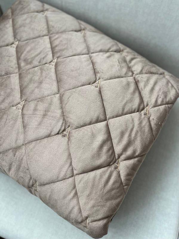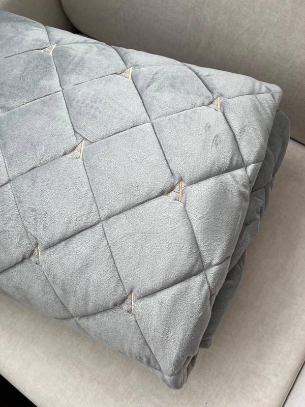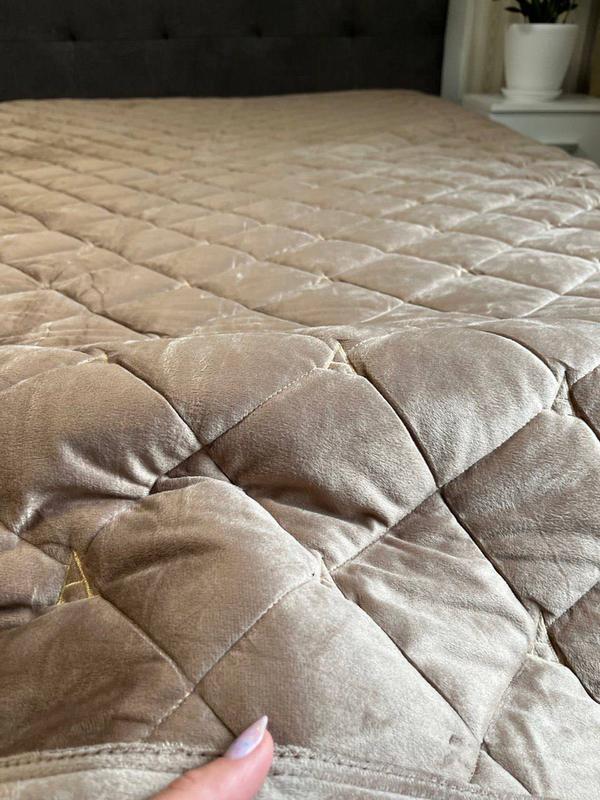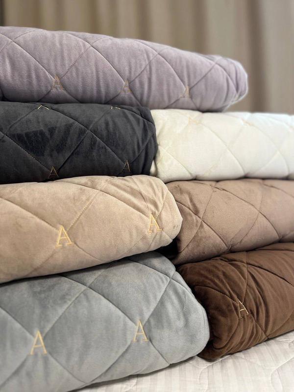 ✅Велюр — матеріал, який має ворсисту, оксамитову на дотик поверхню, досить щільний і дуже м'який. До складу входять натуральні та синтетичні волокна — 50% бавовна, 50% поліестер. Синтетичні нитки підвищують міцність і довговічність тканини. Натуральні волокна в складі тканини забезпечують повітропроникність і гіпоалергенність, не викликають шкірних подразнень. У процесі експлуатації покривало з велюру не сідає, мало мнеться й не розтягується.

# # # # # # #

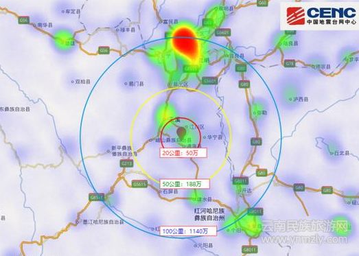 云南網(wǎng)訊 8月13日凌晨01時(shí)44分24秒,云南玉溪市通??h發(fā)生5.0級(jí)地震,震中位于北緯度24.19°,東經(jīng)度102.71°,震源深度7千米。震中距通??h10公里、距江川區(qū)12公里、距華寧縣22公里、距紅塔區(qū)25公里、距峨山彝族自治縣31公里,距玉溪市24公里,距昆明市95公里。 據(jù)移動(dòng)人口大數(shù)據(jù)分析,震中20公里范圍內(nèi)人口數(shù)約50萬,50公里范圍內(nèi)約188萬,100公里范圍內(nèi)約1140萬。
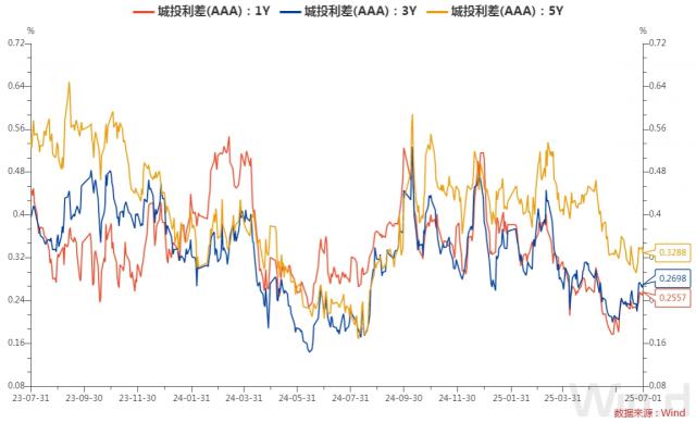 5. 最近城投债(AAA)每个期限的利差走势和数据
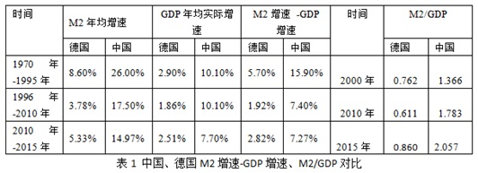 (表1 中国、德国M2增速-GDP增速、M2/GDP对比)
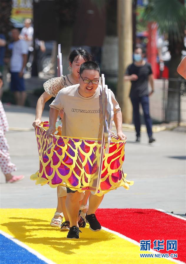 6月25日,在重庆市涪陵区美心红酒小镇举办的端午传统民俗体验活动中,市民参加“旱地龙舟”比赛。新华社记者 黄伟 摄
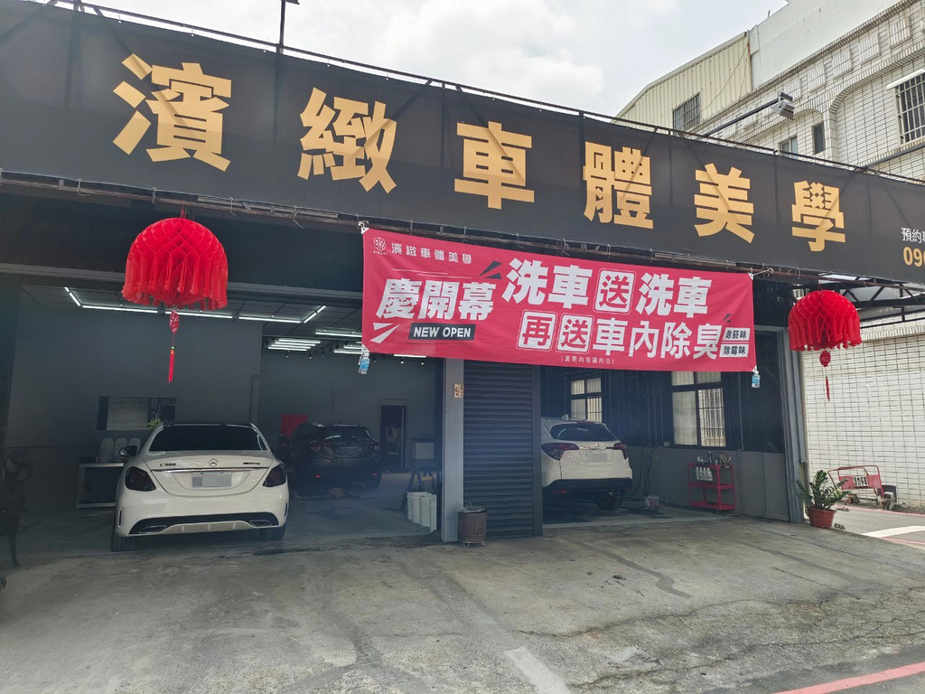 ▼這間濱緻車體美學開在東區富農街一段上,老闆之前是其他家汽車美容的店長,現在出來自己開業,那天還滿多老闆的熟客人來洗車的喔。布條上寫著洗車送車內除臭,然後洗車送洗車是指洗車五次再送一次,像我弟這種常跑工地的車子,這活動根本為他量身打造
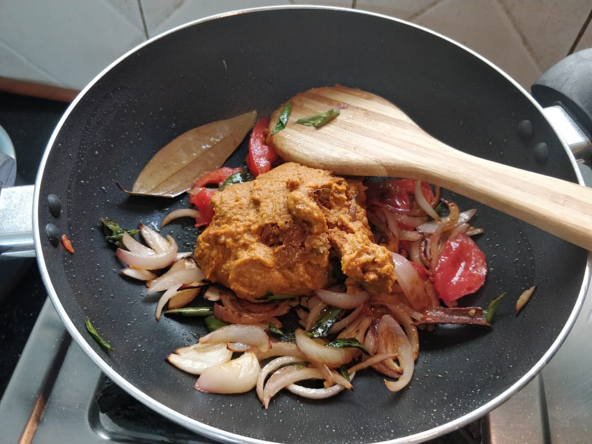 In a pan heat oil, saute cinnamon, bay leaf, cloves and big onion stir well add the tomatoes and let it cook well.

# # # # # # #

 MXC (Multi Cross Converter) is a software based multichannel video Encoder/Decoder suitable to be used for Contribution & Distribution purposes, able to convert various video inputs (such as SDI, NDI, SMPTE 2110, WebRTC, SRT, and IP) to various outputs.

# # # # # # #

● **Aim of the exercise**
Word for word, retype the lines in the entries above that run from the one with "5. 最近城投债(AAA)每个期限的利差走势和数据" through the one with "In a pan heat". Both ends count; pictures do not.

● **Exercise response**
 5. 最近城投债(AAA)每个期限的利差走势和数据
 (表1 中国、德国M2增速-GDP增速、M2/GDP对比)
 6月25日,在重庆市涪陵区美心红酒小镇举办的端午传统民俗体验活动中,市民参加“旱地龙舟”比赛。新华社记者 黄伟 摄
 ▼這間濱緻車體美學開在東區富農街一段上,老闆之前是其他家汽車美容的店長,現在出來自己開業,那天還滿多老闆的熟客人來洗車的喔。布條上寫著洗車送車內除臭,然後洗車送洗車是指洗車五次再送一次,像我弟這種常跑工地的車子,這活動根本為他量身打造
 In a pan heat oil, saute cinnamon, bay leaf, cloves and big onion stir well add the tomatoes and let it cook well.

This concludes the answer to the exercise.